After a little more prodding, he opened up, the first and only time he and I ever really conversed.
“I was over to Hansen Park,” he said. “The American Legion girls were playing softball. They were called the Orioles. I saw your mother playing short-centerfield. She had black, curly hair. I took one look at her and said, ‘I’m gonna marry that girl!'”
With that I fell into a loud, tear-gushing cry.
“What’s the matter?” Dad said. “Did I say somethin’ wrong?”
He hadn’t, of course. In fewer than fifty words, he’d told me a whole, wonderful story.

Ma and Dad, circa 1964.
What I came to realize since then is he was head-over heels in love with Ma and she was very eager to get away from an abusive home. Between his infatuation and her determination to prove all the nay-sayers wrong, they found ways to stay married until he died in 1995. Ma spent the rest of her life trying to tell me how heroic she was to stay married to Dad.
“Ma,” I’d say, for the thousandth time, “I don’t wanna hear it.”
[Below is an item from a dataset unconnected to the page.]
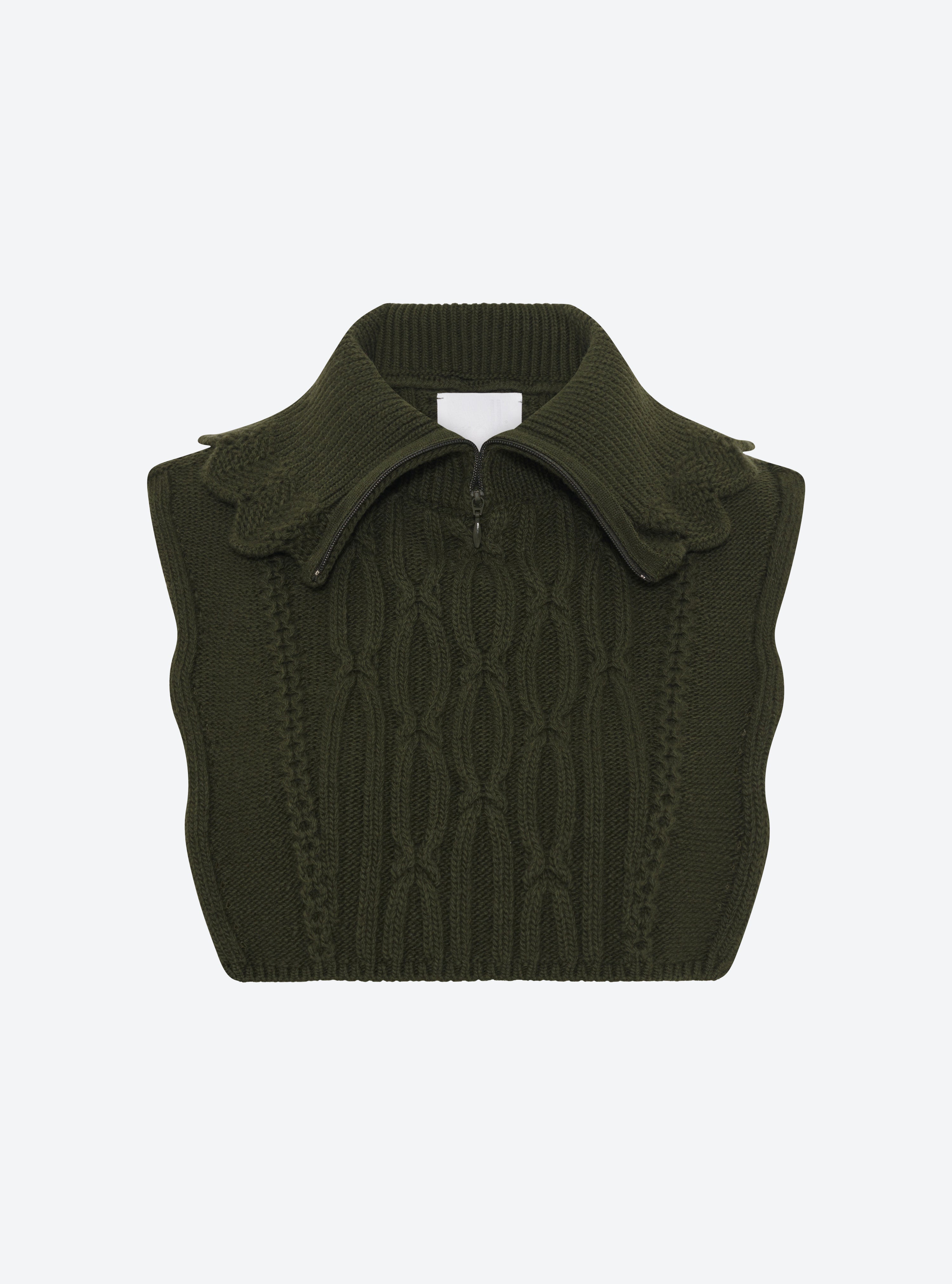 Le plastron en laine pour femme molli est doté de bords festonnés et de finitions en pointelle pour une note d'élégance, et d'une fermeture zippée qui allie praticité et modernité.
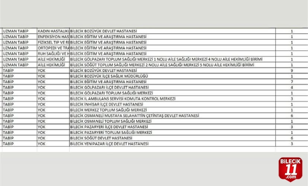– Bilecik Aile Sağlığı Merkezleri: 2 aile hekimi uzmanı

But, again, she was a testa dura, and she’d go on reciting chapter and verse about how she bravely stuck it all out with Dad.
My family’s break-up came about because my sister, already married with five kids, had taken up with another man. As if that wasn’t bad enough for Ma and Dad to swallow, the other man was…, gasp! — black.
Suddenly, Dad became an orator. He expounded at length and at the drop of a hat about the failures and weaknesses of black men. He insisted my sister be written out of his will. From the moment he learned of my sister’s dalliance, he began tumbling, for the rest of his life, into a deep, dark depression.
Me? I was depressed because my sister and her kids weren’t at that first Christmas Eve after the news broke.
It has become one of those youthful memories that won’t go away even as I’ve become an aging curmudgeon.

The Glabs, 1960: (from left) Ma, Charlotte, Franny, Dad, Me, and Joey. Franny’s marriage wouldn’t last. Neither would Charlotte’s. But Ma and Dad’s did, through thin and thin.
Big Heart emoji. Merry Happy Christmas New Year’s Whatever You Do, to you & The Loved One.